- ACTIVITY
Among the entries below, find the line with "Ozdobné filigránové zapínání" and the line with "The totalitarian-style censorship". Return exactly those lines and every line between them, but no pictures.

- RECORDS FOR THIS TASK
= Beginning of Section =

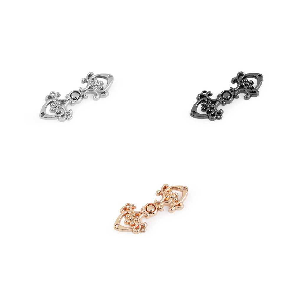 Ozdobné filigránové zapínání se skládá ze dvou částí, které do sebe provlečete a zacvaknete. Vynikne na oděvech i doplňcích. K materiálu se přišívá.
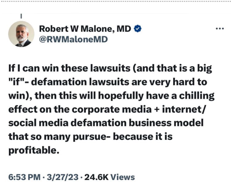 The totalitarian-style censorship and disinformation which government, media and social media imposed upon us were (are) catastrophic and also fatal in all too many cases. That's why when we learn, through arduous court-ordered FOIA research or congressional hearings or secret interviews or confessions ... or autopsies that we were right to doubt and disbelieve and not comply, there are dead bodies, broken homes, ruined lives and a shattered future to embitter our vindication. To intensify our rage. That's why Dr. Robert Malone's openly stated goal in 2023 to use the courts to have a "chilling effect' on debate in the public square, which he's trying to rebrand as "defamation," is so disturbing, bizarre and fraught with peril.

= End of Section =
= Beginning of Section =

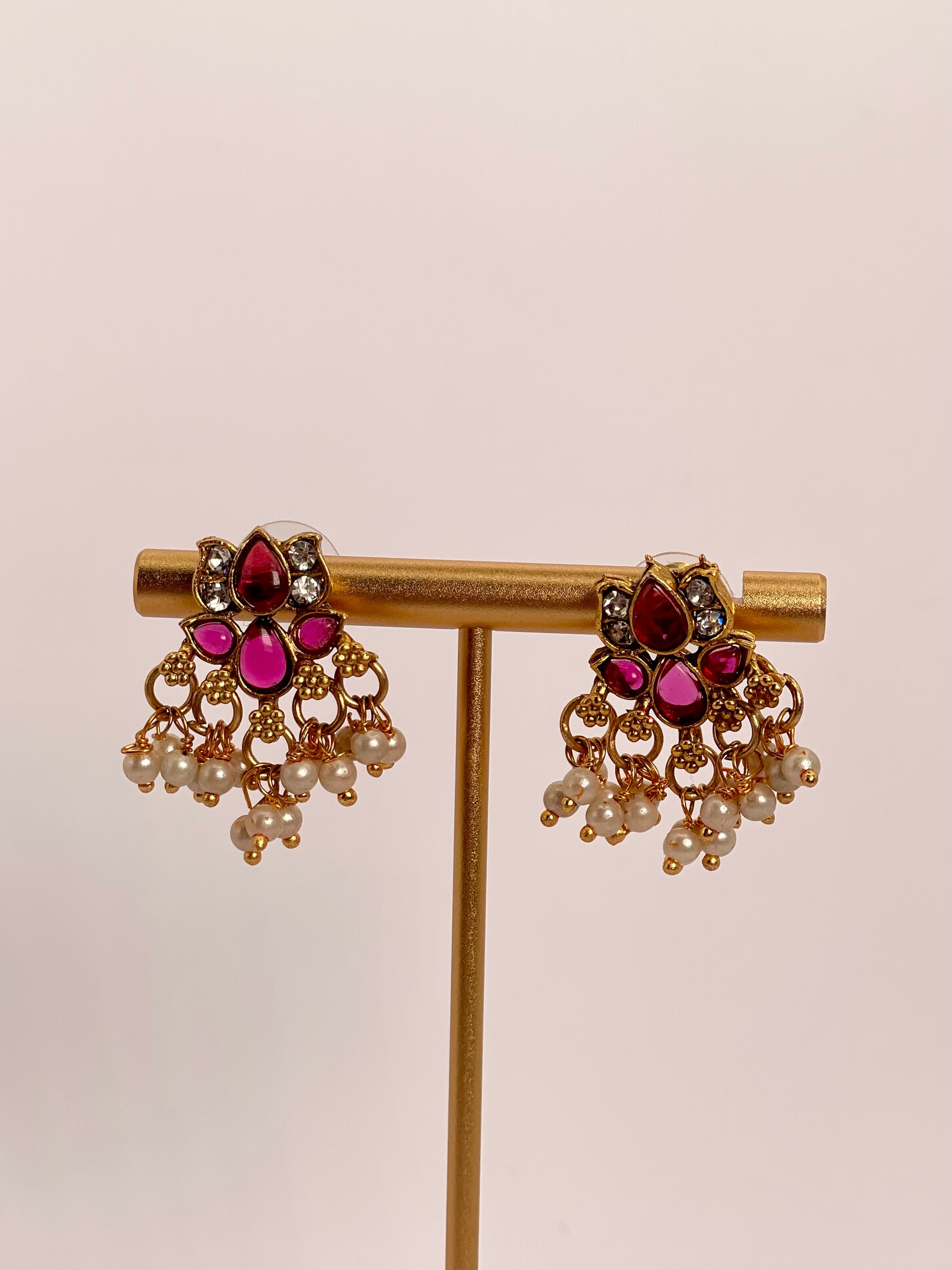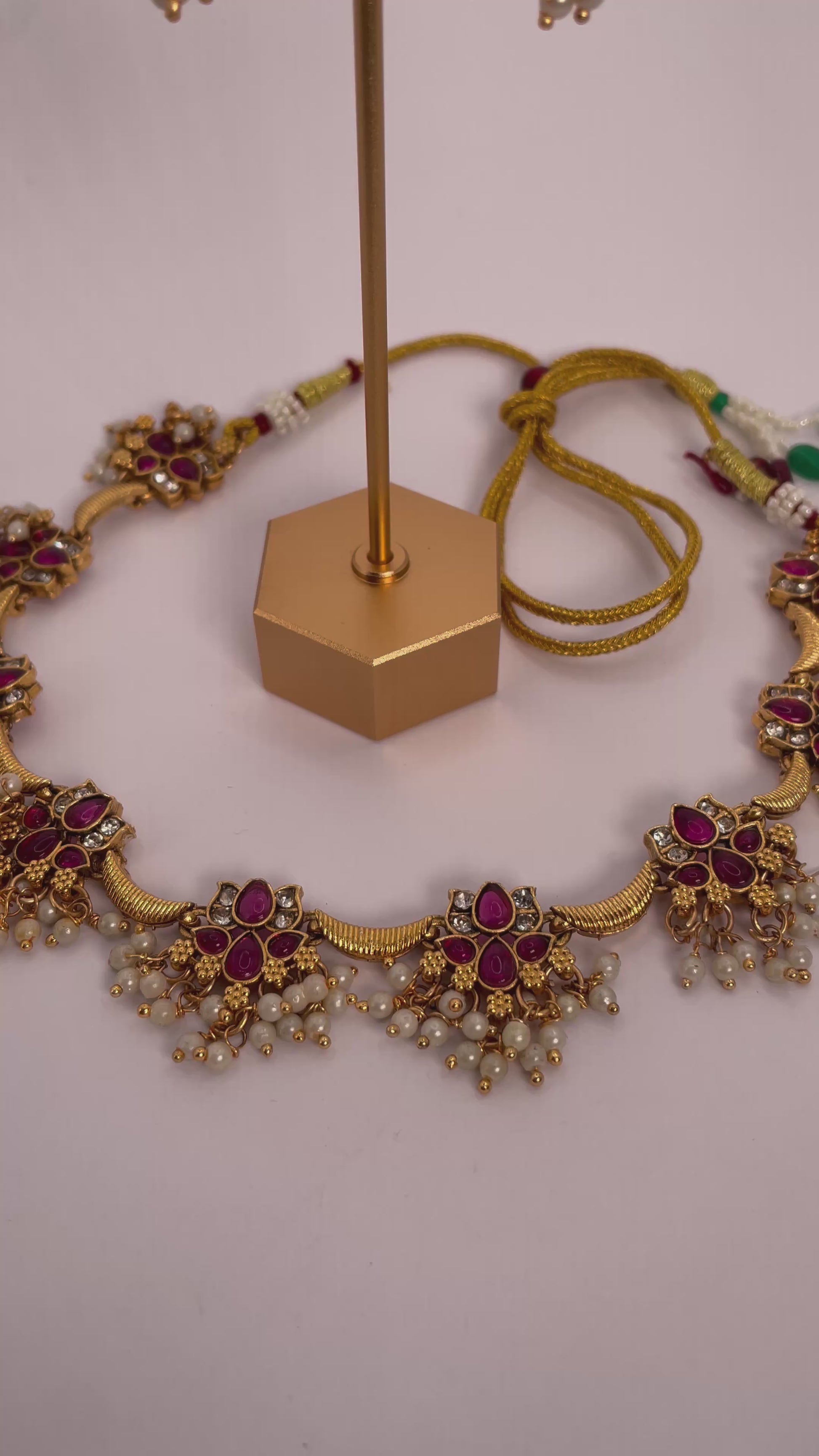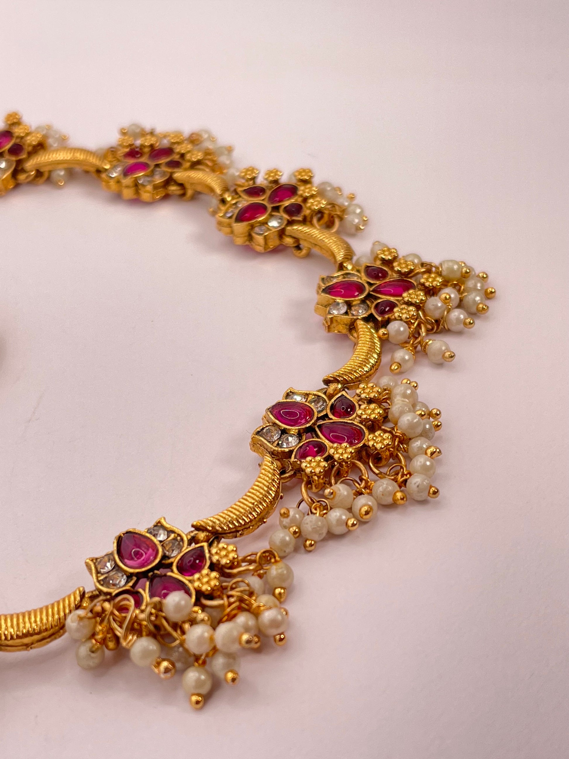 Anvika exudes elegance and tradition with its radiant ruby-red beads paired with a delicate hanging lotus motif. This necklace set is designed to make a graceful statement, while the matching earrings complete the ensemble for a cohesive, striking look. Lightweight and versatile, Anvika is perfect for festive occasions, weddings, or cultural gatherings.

= End of Section =
= Beginning of Section =

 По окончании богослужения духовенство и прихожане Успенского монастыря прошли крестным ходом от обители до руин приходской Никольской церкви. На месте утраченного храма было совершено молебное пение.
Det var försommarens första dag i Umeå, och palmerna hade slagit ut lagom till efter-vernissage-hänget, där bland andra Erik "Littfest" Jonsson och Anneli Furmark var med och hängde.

= End of Section =

- RESULT OF THE TASK
 Ozdobné filigránové zapínání se skládá ze dvou částí, které do sebe provlečete a zacvaknete. Vynikne na oděvech i doplňcích. K materiálu se přišívá.
 The totalitarian-style censorship and disinformation which government, media and social media imposed upon us were (are) catastrophic and also fatal in all too many cases. That's why when we learn, through arduous court-ordered FOIA research or congressional hearings or secret interviews or confessions ... or autopsies that we were right to doubt and disbelieve and not comply, there are dead bodies, broken homes, ruined lives and a shattered future to embitter our vindication. To intensify our rage. That's why Dr. Robert Malone's openly stated goal in 2023 to use the courts to have a "chilling effect' on debate in the public square, which he's trying to rebrand as "defamation," is so disturbing, bizarre and fraught with peril.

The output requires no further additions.